Mitochondrial DNA is passed along only from mother to child. Introducing a third person’s DNA into the fertilization process allows women who have a family history of genetic disorders to use un-mutated mitochondrial DNA from a third party. This would thus ensure that a child inherits all of its mother’s DNA, aside from the mutated mitochondrial.

Today’s parliamentary decision has been met with a mixture of opinion. Many expressed their approval of the law’s passing, such as Dr. Gillian Lockwood, the medical director of the Midland Fertility and a reproductive ethicist.

“The Parliamentarians’ ability to see  through the smoke screens of purported ‘ethical slippery slopes’ and ‘designer babies’ and offer hope to families afflicted with these cruel genetic diseases reveals a depth of compassion and courage that is a tribute to the Mother of Parliaments,” Lockwood explained in a press release.

Others are fairly concerned that such legislature could have dangerous consequences down the road. According to British lawmaker Fiona Bruce, today’s law passing has “let the genie out of the bottle.”

"Where will it lead? The answer has to be that we stop here. The answer has to be that we say this is a red line in our country, as in every other country in the world, that we will not cross," Bruce said during the 90-minute-long debate at the House of Commons, Reuters reported.

As of now, three-parent fertilization affects less than one percent of the child’s genome.

"It doesn't affect height, eye color, intelligence, musicality," Lockwood said, as reported by the BBC. "It is not part of what makes us genetically who we are."

Religious officials have their own reason for opposing the procedure, citing that it involves the purposeful destruction of human embryos.
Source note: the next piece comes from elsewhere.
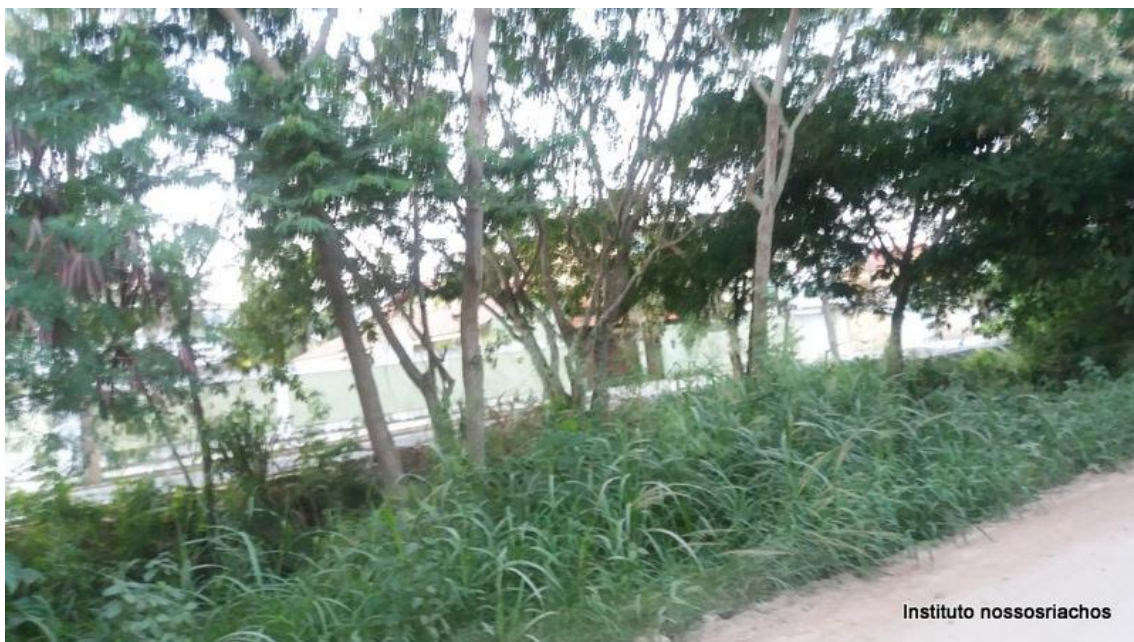
Figura 9 – Trecho 3 com mato e árvores isoladas.

O terceiro trecho com aproximadamente 70 está também coberto com mato, mas apresenta algumas árvores de extrato alto com bom desenvolvimento (fig.9). Será necessário a capina e plantio de espécies de extratos médio e baixo

This is because in one particular technique of creating a three-person embryo, DNA extracted from two other embryos is used to help the third, The Telegraph reported. The two remaining embryos are left unable to survive the transfer.

The group, Human Genetics Alert, has a different reason for opposing the technique. They have recently expressed their fear of such legislature opening doors for the creation of children who are genetically modified to meet certain beauty or intelligence standards.

David King, a representative for the group commented that "Once you cross the ethical line, it is very hard not to take the next step of designer babies," the BBC reported.

For now, the plan is to go ahead and get this technology to couples that need it most, with Britain at the forefront of gene-altering technology.

“It is with great optimism that I look forward to the birth of the first baby girl to be born in the UK free from mitochondrial disease and from the shadow of transmitting the disease to her children,” Lockwood said.